中扬子地区龙马溪组页岩有机质孔隙发育特征及控制因素——以湖南省永顺地区永页3井为例

doi:10.11743/ogg20200516

摘要/Abstract

摘要：

以焦石坝气田为代表的上扬子地区龙马溪组页岩气勘探和开发已经取得了巨大成功，但是中扬子地区龙马溪组中的页岩气勘探潜力尚不明确。文章通过对湖南省永顺地区永页3井页岩有机质孔隙发育特征和主控因素进行分析，以此为中扬子地区龙马溪组页岩储集性能评价提供参考。永页3井龙马溪组页岩发育典型海相有机质，TOC分布在0.65%~3.81%（平均为1.87%），具有高-过成熟阶段、孔隙度低（平均孔隙度为2.06%）的特征。通过氩离子抛光+扫描电镜技术对样品有机质孔隙进行了系统的观察，结合能谱测试结果和JMicroVision软件图像处理对有机质孔隙特征参数进行了统计与分析，提出了一种基于SEM图像的有机质孔隙连通性表征方法。结果表明，该井龙马溪组页岩中有机质主要为孔隙相对发育的迁移有机质和孔隙发育较差的原生有机质；有机质孔隙的发育存在非均质性，在成因上主要受控于有机质显微组分、有机碳含量以及粘土矿物含量等因素，较高热演化程度下适当的有机碳含量是有机质孔隙发育的关键因素。

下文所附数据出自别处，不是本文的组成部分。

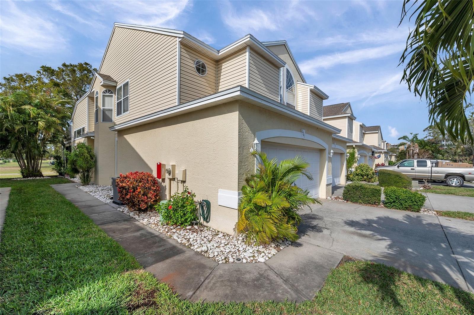 Get ready to be impressed with this stunning 3BR/2.5 END-UNIT Townhouse in an amazing Largo location. Tucked away in a quiet community, overlooking East Bay Golf Club. Enter the front door and you're greeted to soaring ceilings and abundance of natural light through a wall of windows in the living room. The bottom floor has a good sized living room, dining area, kitchen, indoor laundry and a half bath. There's also a room overlooking the golf course that could be a 4th bedroom, office or many other possible uses. Head upstairs and you'll find 2 good size bedrooms, guest bath and a primary suite complete with a private 2nd floor deck looking over the golf course. The unit has a 2 car garage and parking in the driveway as well. There's guest parking right around the corner. This mid-Pinellas location is ideal with easy access to all corners of Pinellas, and a quick drive over the bridge to Tampa. Easy to show, don't miss your opportunity to get a rare end-unit!
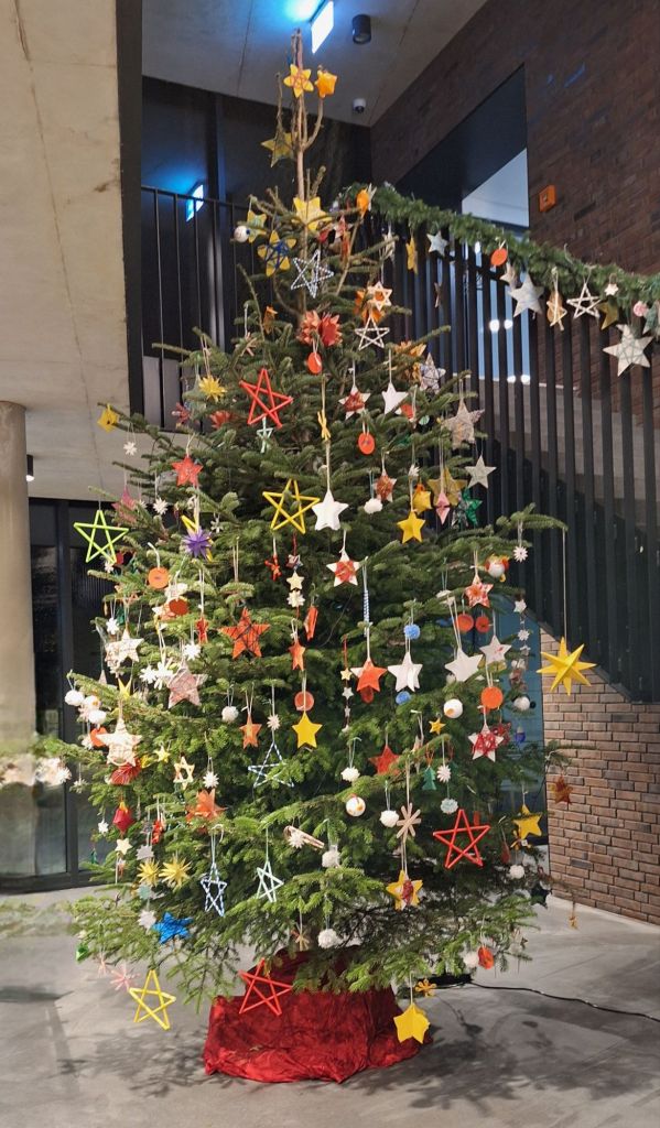 Da es durchaus sein kann, dass wir zu Hause dieses Jahr auf ihn verzichten, habe ich für das Weihnachtsbingo dieses Prachtexemplar fotografiert. Er steht im Foyer unseres Rathauses und wurde traditionell von Kindern bestückt.
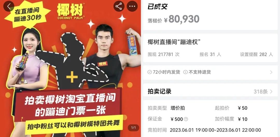 最早开始将男色变为生意的是椰树。在今年3月,椰树开启“猛男直播”,首秀就有近10万人观看,伴随着直播间模特团的走红,椰树还为其准备了线下粉丝见面会,在直播间上架“蹦迪票”,50元起拍,拍中的网友可以和模特团在直播间共舞30秒,最终成交价突破8万元。

关键词: 有机质孔隙, 有机质面孔率, 页岩, 龙马溪组, 永页3井, 中扬子地区

Abstract:

The exploration and development of shale gas in the Jiaoshiba gas field, a major Longmaxi Formation shale gas field in the Upper Yangtze Region, has made great success.However, the resource potential of the formation is still unclear.To this end, the characteristics and controlling factors of organic-matter pores in shale samples from the Well YY3 in the Yongshun area, Hunan Provinces, are analyzed to provide references for the assessment of shale reservoir properties in the formation.The Longmaxi Formation shale from the Well YY3 contains typical marine organic matter, and is characterized by a total organic matter content (TOC) of 0.65%-3.81% (1.87% on average), high-to-over-mature thermal maturity and low porosity (2.06% on average).The pores in the samples were systematically observed under scanning electron microscopy (SEM) after an Argon-ion-polishing treatment.Moreover, the characteristics of organic-matter pores were analyzed with energy spectrum test and JMicro Vision image processing software; and a new characterization method based on SEM images was proposed to describe the pore connectivity.The results show that the Longmaxi Formation shale contains mostly migrated organic matters with well-developed pore systems and native organic matters with under-developed pores.As a whole, the pore growth in organic matters of the shale in the formation is heterogeneous and mainly controlled by the micro-components of organic matters as well as the content of organic carbon and clay minerals, and at higher thermal evolution stages, organic carbon content plays a critical role in the development of pores in organic matters.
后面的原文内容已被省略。